Five years ago this month, on Black Friday, the Fed launched an unprecedented shopping spree. By that point in the financial crisis, Congress had already passed legislation, the Troubled Asset Relief Program, to halt the U.S. banking system’s free fall. Beyond Wall Street, though, the economic pain was still soaring. In the last three months of 2008 alone, almost two million Americans would lose their jobs.

The Fed said it wanted to help—through a new program of massive bond purchases. There were secondary goals, but Chairman Ben Bernanke made clear that the Fed’s central motivation was to “affect credit conditions for households and businesses”: to drive down the cost of credit so that more Americans hurting from the tanking economy could use it to weather the downturn. For this reason, he originally called the initiative “credit easing.”

My part of the story began a few months later.
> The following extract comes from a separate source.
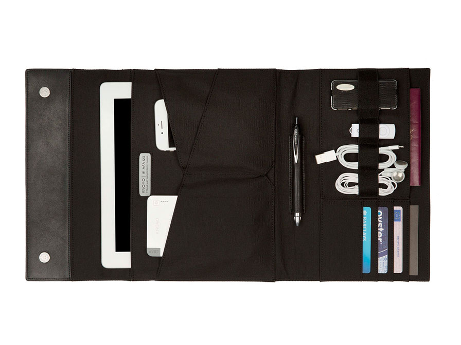 De innovatieve Knomo Knomad Air is een prachtige lederen organiser voor al je tech en reis essentials. Met plek voor een 10" tablet, smartphone, kabeltjes, powerbank, paspoort, pasjes en andere zaken is het de ideale partner voor "life-on-the-go". Alles wat je nodig hebt gedurende dag compact bij elkaar.

Having been at the Fed for seven years, until early 2008, I was working on Wall Street in spring 2009 when I got an unexpected phone call. Would I come back to work on the Fed’s trading floor? The job: managing what was at the heart of QE’s bond-buying spree—a wild attempt to buy $1.25 trillion in mortgage bonds in 12 months. Incredibly, the Fed was calling to ask if I wanted to quarterback the largest economic stimulus in U.S. history.

“In its almost 100-year history, the Fed had never bought one mortgage bond. Now my program was buying so many each day through active, unscripted trading that we constantly risked driving bond prices too high and crashing global confidence in key financial markets. We were working feverishly to preserve the impression that the Fed knew what it was doing,” he said.

Huszar admitted what many fear most, that Federal Reserve has lost its ability to operate outside of the pressures of Wall Street.

“I realized the Fed had lost any remaining ability to think independently from Wall Street. Demoralized, I returned to the private sector,” he laments.

The big problem, according to Huszar, is that the Federal Reserve covers up the real economic problems the country faces.

“Because QE was relentlessly pumping money into the financial markets during the past five years, it killed the urgency for Washington to confront a real crisis: that of a structurally unsound U.S. economy. Yes, those financial markets have rallied spectacularly, breathing much-needed life back into 401(k)s, but for how long?” Huszar warns.